*** Opening Given information ***

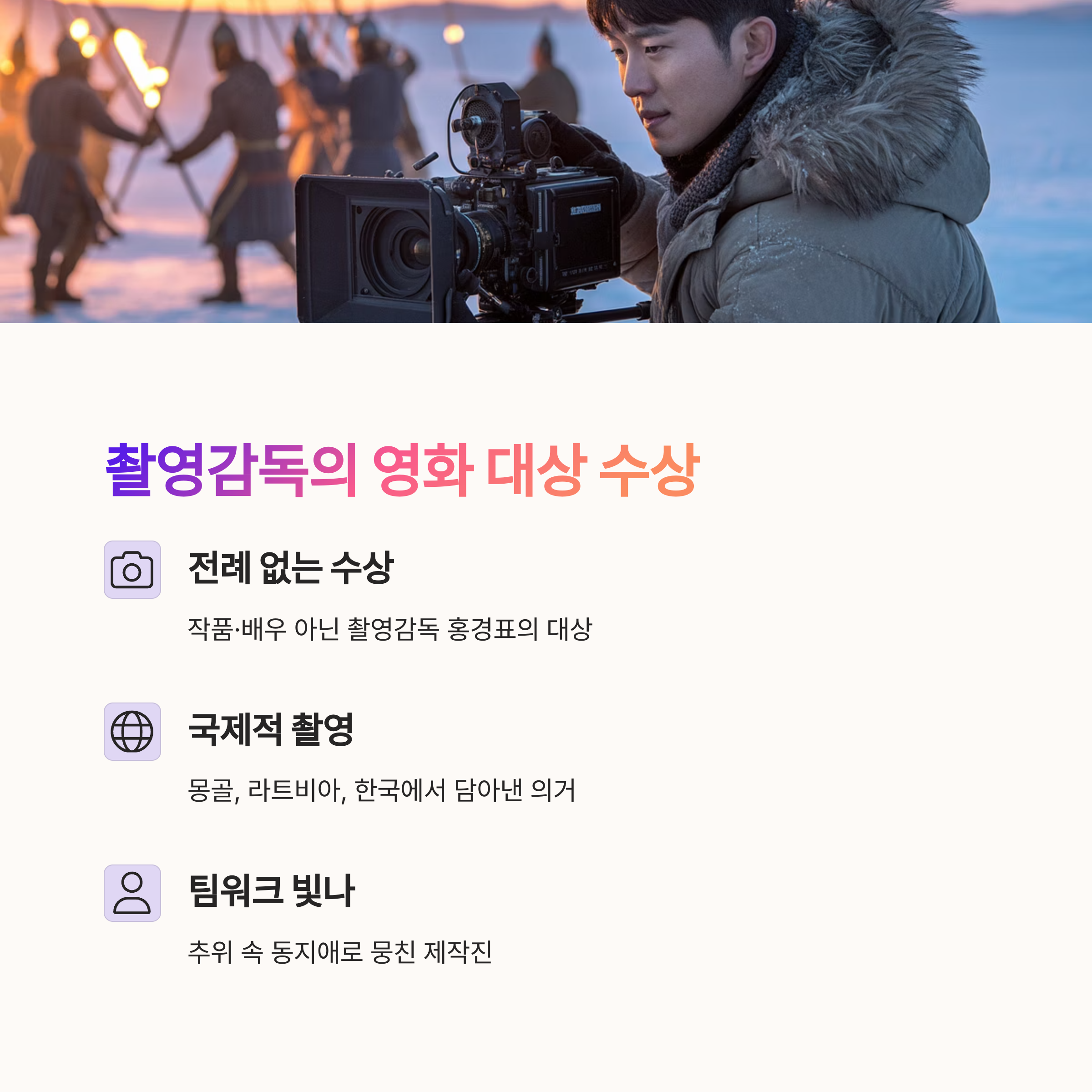 영화 ‘하얼빈’의 홍경표 촬영감독이 영화 대상을 수상하며 또 한 번의 파격이 이어졌습니다. 작품도, 배우도 아닌 ‘촬영감독’의 수상이라니… 전례가 없는 일이었어요. 안중근 의사의 의거를 몽골, 라트비아, 한국에서 담아낸 장면들 하나하나에 그 의미가 새겨졌습니다. 추위 속 동지애로 똘똘 뭉친 팀워크도 빛났죠.
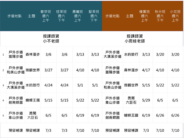 備註:預留補課是指當原訂課程因雨停課,保留整班可補課的日期,請家長務必欲先留下。
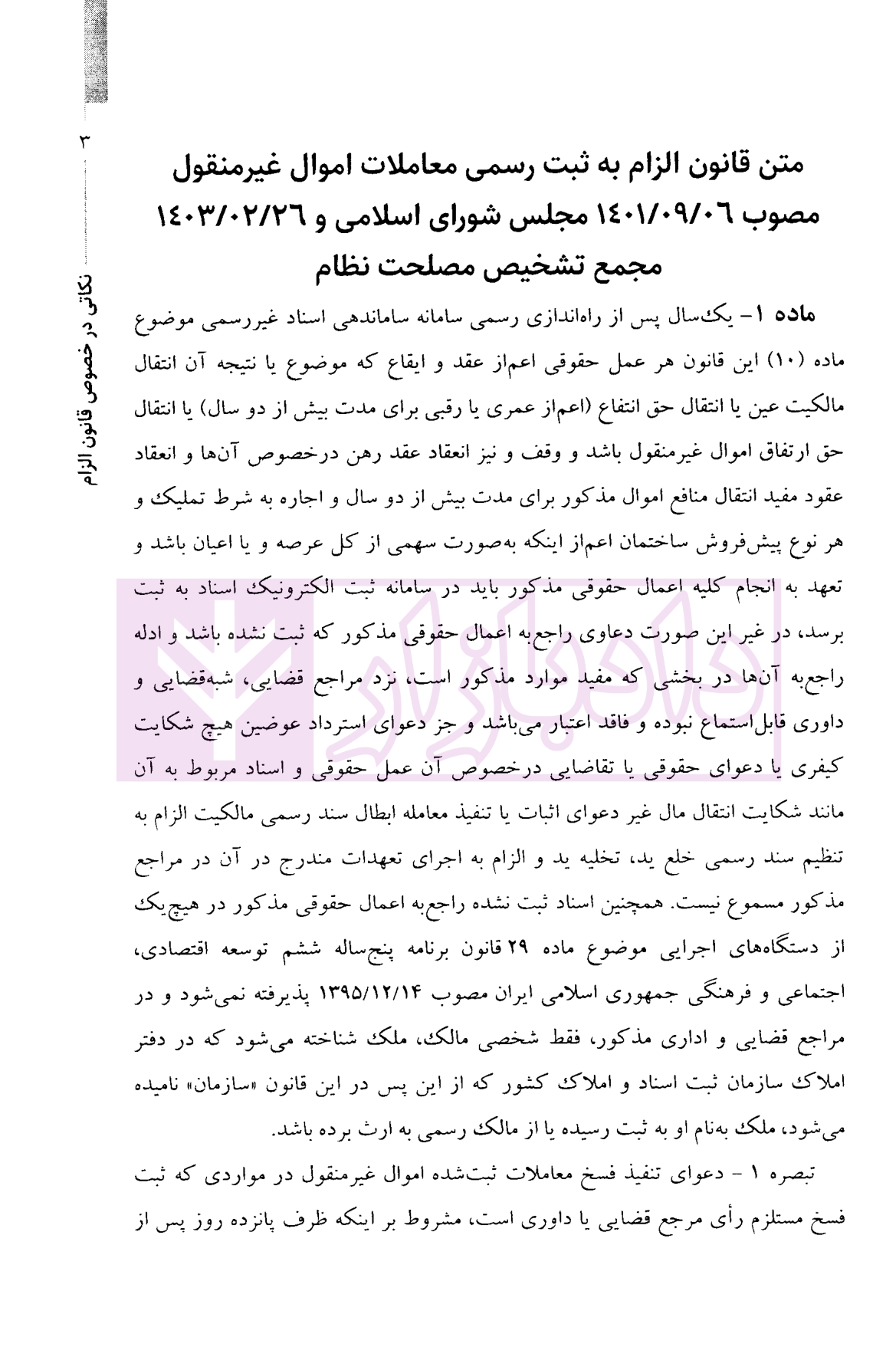 امتیاز و دیدگاه کاربران نکاتی در خصوص قانون الزام به ثبت رسمی معاملات اموال غیر منقول | شاهبان
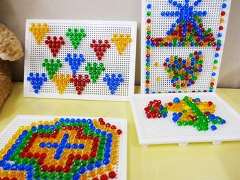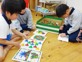 頑張った子どもたちに保護者の皆様からプレゼントをいただきました。年長児は「モザイクアート」☆ 赤・青・黄・緑の色とりどりのペグを白いボードに挿してイメージを描いていくものです。中でも子どもに人気があるのは、透明でキラキラ光るペグです。何百個もあるペグの中から”ダイヤモンドみーつけた”と言いながら探し出し、アートを楽しみます。いつも思うことですが「子どもの発想はすばらしい!」指先を巧みに動かし、柔らかな感性で見る見る間に自分のイメージをボードの上に広げていきます。ステキなアートがたくさんできました。
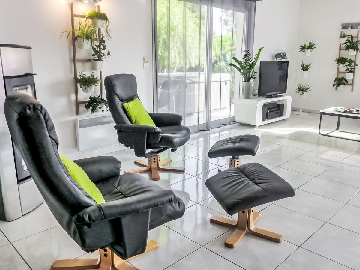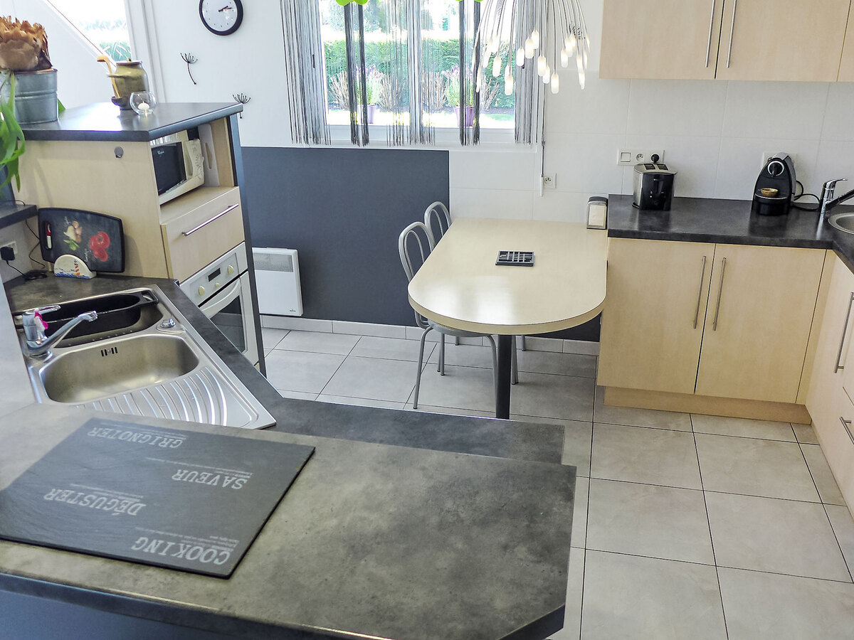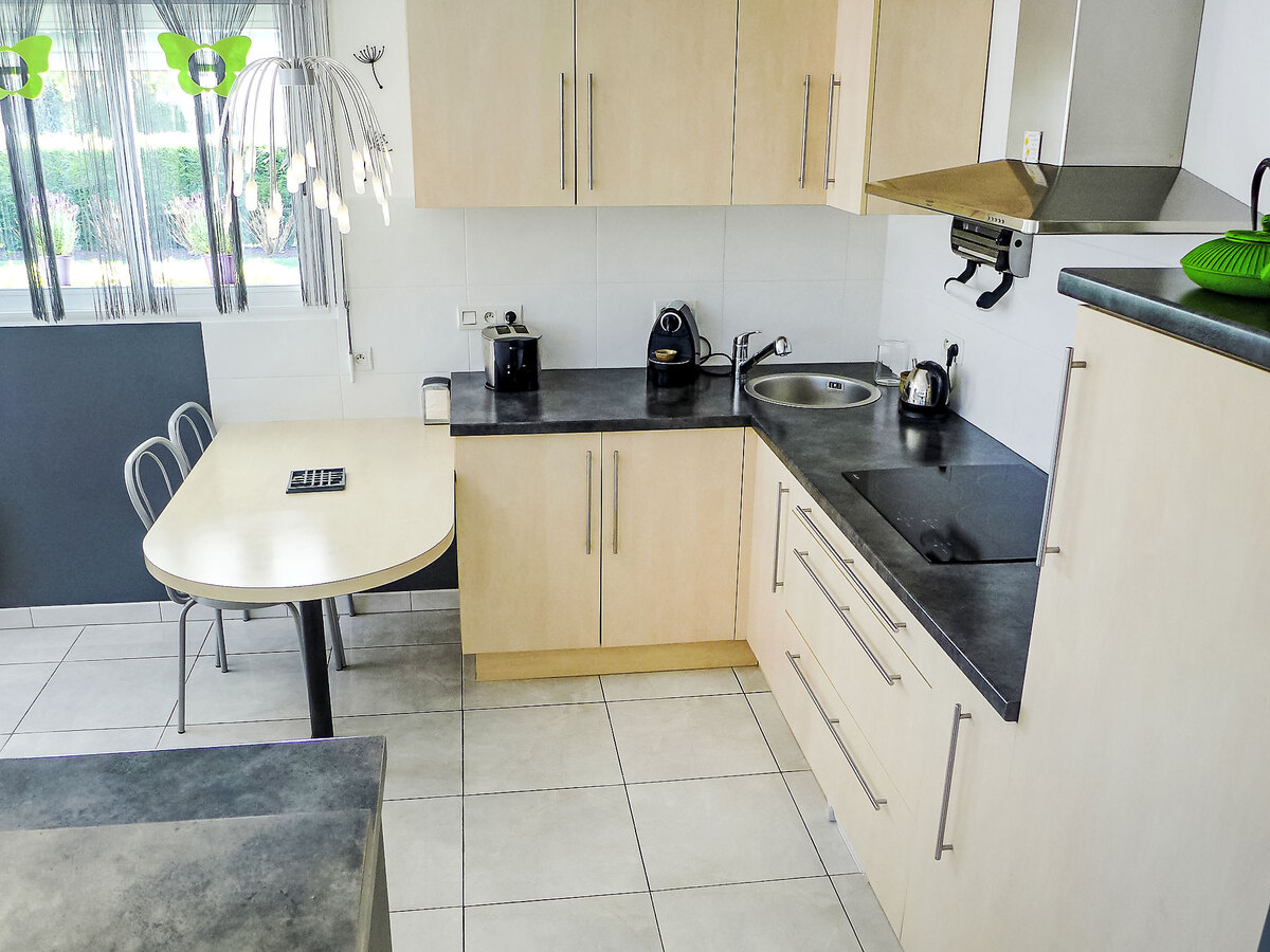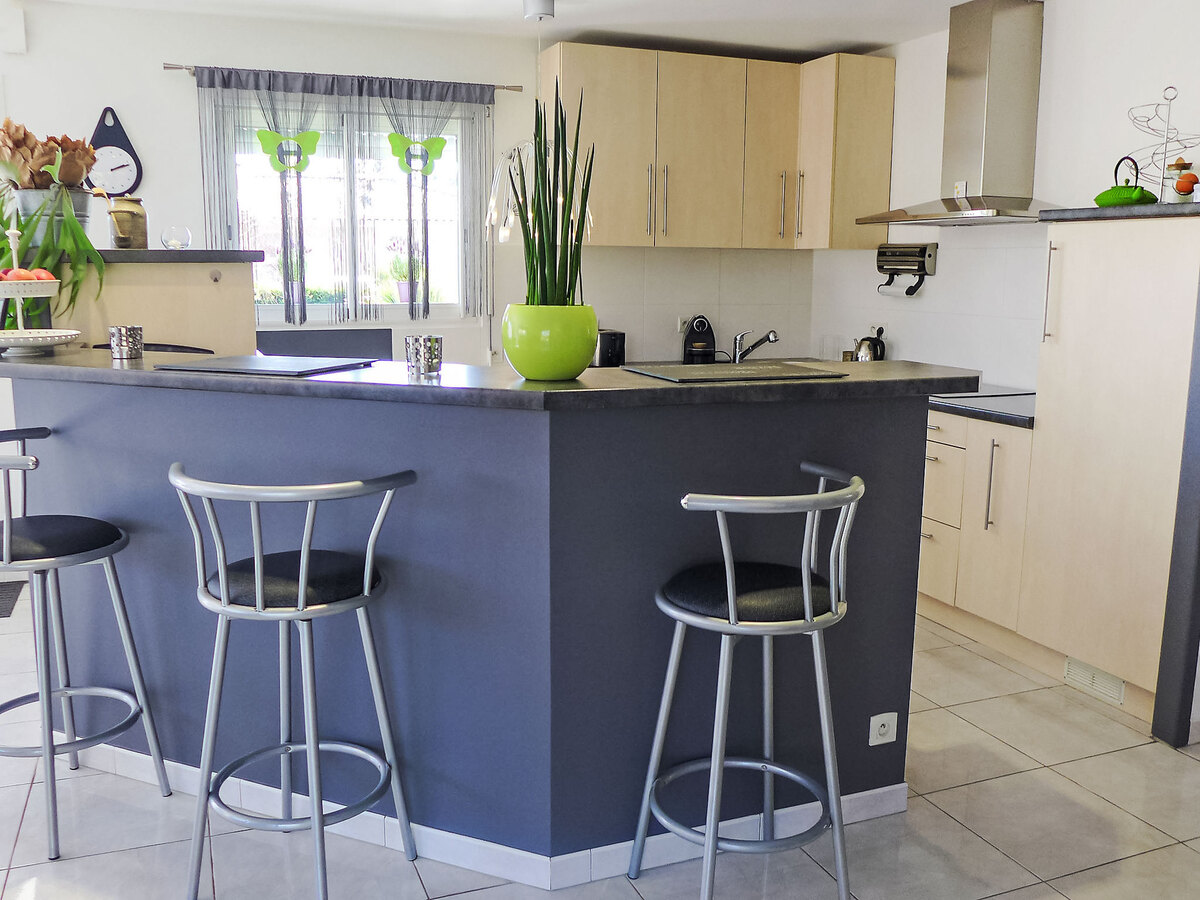 Cuisine ouverte (four, lave-vaisselle, 3 plaques à induction, micro-ondes, congélateur, cafetière électrique).
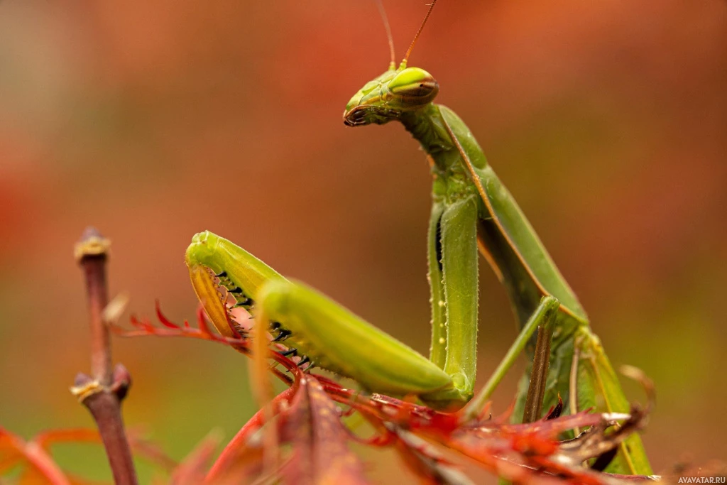 red hues indicating the season. The mantis on the left has its wings extended slightly away from its body.
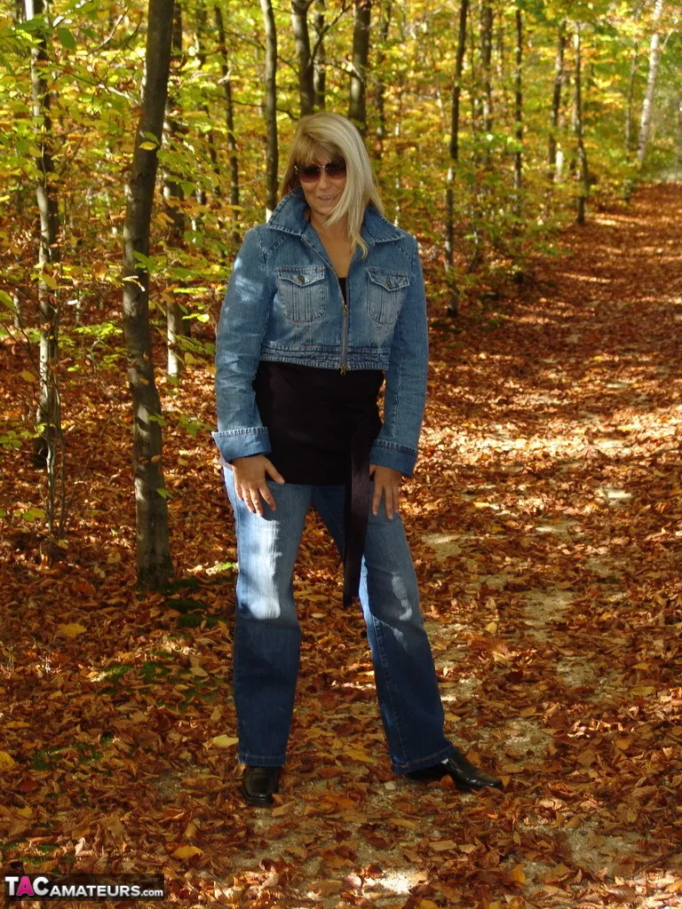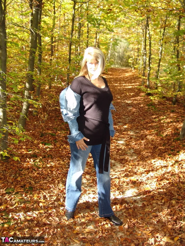 In suspenders under the jeans nobody knows that I'm going into the forest like this. I take a walk for a while and alway
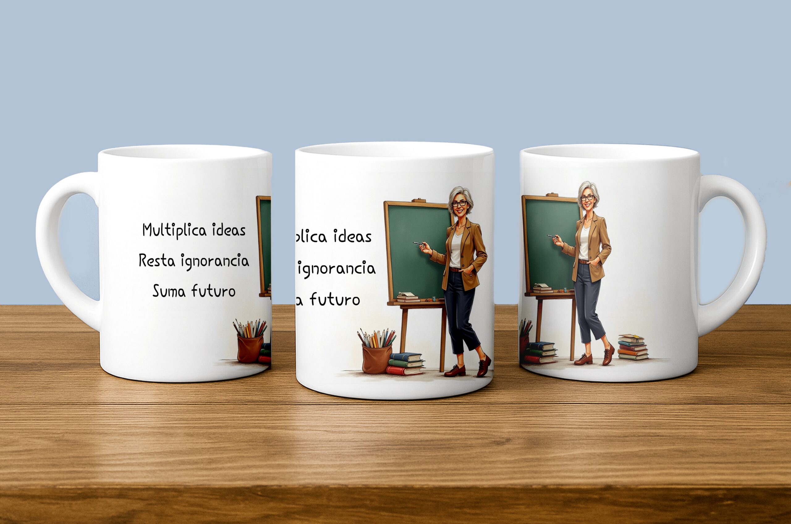 La taza de cerámica perfecta para profesores y profesoras con sentido del humor. Diseño exclusivo con la frase en la taza divertida “Multiplica ideas, resta ignorancia, suma futuro”. ¡Regalo ideal!
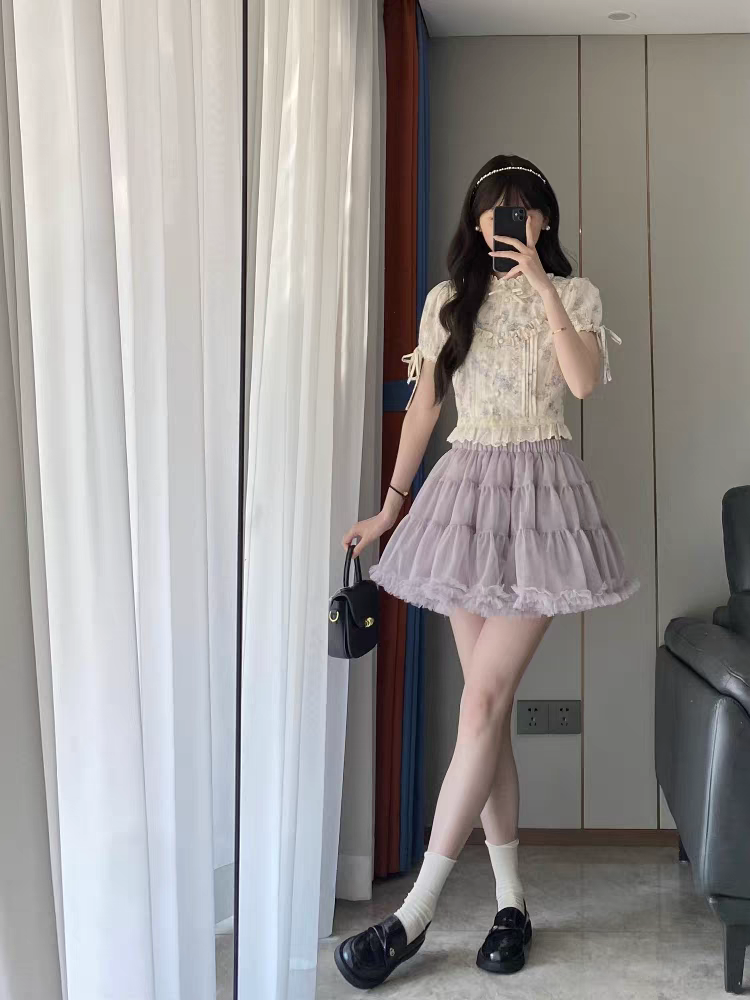 Talle M Top: Busto 84 cm, Largo 44 cm. Pollera: Cintura 64 cm (elástica), largo 36 cm.

*** Closing Given information ***

# Aim of the task:
In the records above, find the line that contains "امتیاز و دیدگاه", then write it out along with every line after it, exactly, through the last one. Leave the pictures out.

# Response to this exercise:
 امتیاز و دیدگاه کاربران نکاتی در خصوص قانون الزام به ثبت رسمی معاملات اموال غیر منقول | شاهبان
 頑張った子どもたちに保護者の皆様からプレゼントをいただきました。年長児は「モザイクアート」☆ 赤・青・黄・緑の色とりどりのペグを白いボードに挿してイメージを描いていくものです。中でも子どもに人気があるのは、透明でキラキラ光るペグです。何百個もあるペグの中から”ダイヤモンドみーつけた”と言いながら探し出し、アートを楽しみます。いつも思うことですが「子どもの発想はすばらしい!」指先を巧みに動かし、柔らかな感性で見る見る間に自分のイメージをボードの上に広げていきます。ステキなアートがたくさんできました。
 Cuisine ouverte (four, lave-vaisselle, 3 plaques à induction, micro-ondes, congélateur, cafetière électrique).
 red hues indicating the season. The mantis on the left has its wings extended slightly away from its body.
 In suspenders under the jeans nobody knows that I'm going into the forest like this. I take a walk for a while and alway
 La taza de cerámica perfecta para profesores y profesoras con sentido del humor. Diseño exclusivo con la frase en la taza divertida “Multiplica ideas, resta ignorancia, suma futuro”. ¡Regalo ideal!
 Talle M Top: Busto 84 cm, Largo 44 cm. Pollera: Cintura 64 cm (elástica), largo 36 cm.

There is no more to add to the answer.